Citation

Background: Escherichia coli and Salmonella are etiologic agents of intestinal infections. A previous study showed the presence of shared epitopes between lipopolysaccharides (LPSs) of E. coli O157 and Salmonella. Aim: Using phage display, the aim of this study was to identify mimotopes of shared epitopes in different enterobacterial LPSs. Methods: We use anti-LPS IgG from E. coli O157 and Salmonella to select peptide mimotopes of the M13 phage. The amino acid sequence of the mimotopes were used to synthesize peptides which were in turn used to immunize rabbits. The antibody response of the resulting sera against the LPSs and synthetic peptides (SPs) was analyzed by ELISA and by Western blot assays, indicating LPS sites were recognized by the same antibody. In a complementary test, the reactions of human serum samples obtained from the general population against the SPs and LPSs were also analyzed.

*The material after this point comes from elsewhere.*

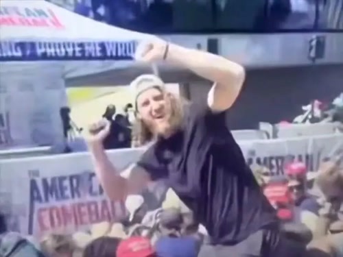 Ο άνδρας ακούγεται να φωνάζει «USA, USA, USA!», επαναλαμβάνοντας το σύνθημα του προέδρου των ΗΠΑ, Ντόναλντ Τραμπ, μετά την απόπειρα δολοφονίας εναντίον του σε προεκλογική συγκέντρωση στο Μπάτλερ της Πενσιλβάνια το περασμένο καλοκαίρι.

Results: From the last biopanning, sixty phagotopes were selected. The analysis of the peptide mimotope amino acid sequences showed that in 4 of them the S/N/A/PF motif was a common sequence. Antibodies from the sera of immunized rabbits with SP287/3, SP459/1, SP308/3, and SP073/14 react against both their own peptide and the different LPSs. The Western blot test shows a sera reaction against both the lateral chains and the cores of the LPSs. The analysis of the human sera shows a response against the SPs and LPSs. Conclusion: The study’s conclusion is that the response of antibodies against S. typhi, S. urbana, S. arizonae, and E. coli O157 LPS obtained from immunized rabbits with SP287/3, SP459/1, SP308/3, and SP073/14 confirms that synthetic peptides are immunogenic mimotopes of the evaluated LPSs and that is feasible to consider them as an alternative system to protect against infections caused by Salmonella and E. coli O157, however, prior studies with animal models are necessary to confirm their protective capacity. The designed synthetic peptides are mimotopes of LPS epitopes of Salmonella and E. coli that possess immunogenic capacity. These mimotopes could be considered for use in the design of vaccines against both enterobacteria.